I know, I know….Bluenose weekend is about two weeks away, what in the world am I doing thinking and preparing now? Two weeks for our family is a lot of time – a lot will happen and need to be done. Normal daily chores of laundry, dishes, work and everything else that happens daily between sun up and sun down, new spring projects like setting up my garden boxes, and of course all the unplanned fun and excitement that comes along. So, why is the race weekend on my mind now? (Wanna know a secret? So is Maritime Race Weekend and that’s not until September!)
I’m not sure if other runners do this or if this is just my anxiety that requires me to plan ahead but I’m already there…at the start line while I fold laundry, meeting runners at the volunteering booth as I scroll through social media, finding the energy to climb THAT hill in Point Pleasant Park when I’m tired and frustrated but still have hours in the day, cheering on the 5 KM finishers as they reach their goals, and happily turning the corner just before the finish line. My mind wanders to race weekend all day long.
The one thing that keeps swirling through my mind and has already caused a pre-race freak out (thanks to Michelle and Vanessa for talking me through it) is my pace and finish time. I feel like I’m sitting on a swing at the playground when it comes to this topic going back and forth, back and forth. I do this every time!
One day, I can’t wait to push myself and have a great fast (for me) race. I’m not anywhere as fast as I was before the stress fracture last summer but the speed is coming back naturally with every training session. I feel so strong after a run that still has tons of juice in the tank that could have been used to speed up a pace. These days I’m flying forward on that swing!

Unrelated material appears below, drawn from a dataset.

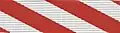 The badge could be worn either from a collar composed of red enameled plaques bearing white crescents and stars, or from a wide bow ribbon of red and white diagonal stripes, with a short enameled gold chain similar to the collar around the center of the ribbon. The ribbon bow was to be worn only when no ribbons or sashes of other orders were worn simultaneously.[4]

The next day could be a totally different story. I could be having a challenging day with my back or knee (I have scoliosis and an old ACL tear that was never repaired) and I start doubting the training and my own strength. I am quickly reminded that just last summer I wore an annoying boot while recovering from an injury that I most likely caused by pushing too far too fast. In those moments, I am swinging backwards and pulling away with fear. Those days my race plan could very easily be a casual walk to the finish line.
I suppose that letting my mind spend some time on the swing set before race day is a good thing. I have time to figure out the balance and where I will be on the pendulum when the guns are fired at the starting line. I can figure out what a balance of courage, strength, and knowledge of my own bodies limits will look like for this race.
I ride this swing before every race. At first the swing had long ropes and the ride was wild and high – back and forth. The ropes have shortened with every race. The ride not quite as wild but it’s still swinging. Good luck to those around me who get to ride the swing with me, your support is necessary and appreciated. Thank you! 13 big sleeps until the start line!